Pain erupted inside Josef, a jagged explosion of glass and fire that forced all the air from his lungs. His eyes flew wide and he crumpled to the floor, gasping for breath but getting none. He lay on his side and saw a thimble lying deep under one of the workbenches, worn and familiar and bent to the shape of his finger over long years of work, the same thimble he’d had back in the camp, back in that cellar. He had lost it a month or so ago and looked for it everywhere. And there it was. And here was he. The pain was consuming him now. Swallowing him whole. Pulling him down. His killer dropped to the floor, cutting off his view of the lost thimble, and Josef felt a pressure on his neck and smelled rubber and disinfectant as fingers checked for a pulse. Josef’s view shifted as he was rolled on to his back and he heard a thud and felt a fist hammer down on the centre of his chest, heard a rib crack but didn’t feel anything because the pain inside him was already too great.

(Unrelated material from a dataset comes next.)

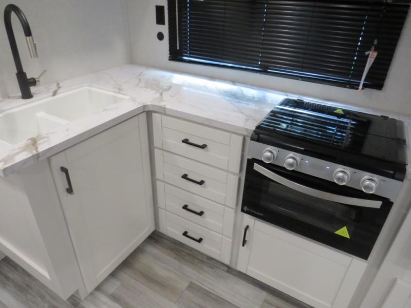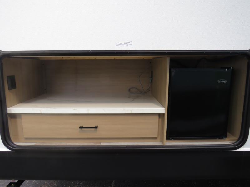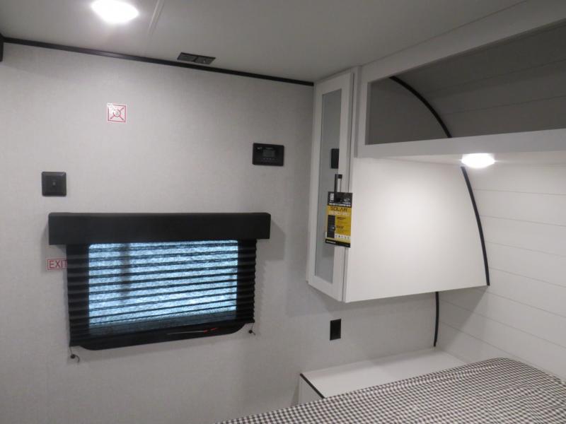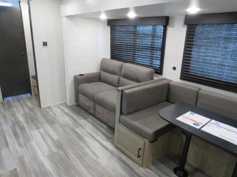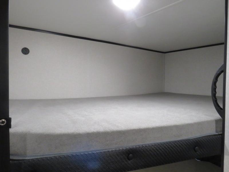 It's time to ditch that old tent and upgrade to this spacious travel trailer! The little ones or your guests will love the double-size bunks in the rear bunkhouse, along with a half bath and storage space for their things. You'll enjoy the front private bedroom all to yourselves with a queen bed and dual wardrobes, and the full bath is close by for easy nighttime use. A U-shaped dinette slide and sofa in the main living area provide your crew with space to relax and dine together, and the fully equipped kitchen lets you cook up your best meals. Outside, you'll find exterior storage, a 20' power awning, plus an outdoor kitchen to enjoy a sunrise breakfast!

Josef looked beyond the silhouette of the man and up to the sky where thin white clouds slid across the deepening blue sky. He had worked in this room for over forty years but this was the first time he could remember looking up. He had never looked at the sky in the camp either, had always found it too painful to gaze up at such simple, bound-less beauty when all around him was ugliness and horror.

The man continued to pound on his chest but Josef knew it was pointless. There was no saving him now. The man in the white suit was not coming. He would not cheat Death a second time. He took a last, deep, jagged breath. Stared up at the indigo sky. And closed his eyes.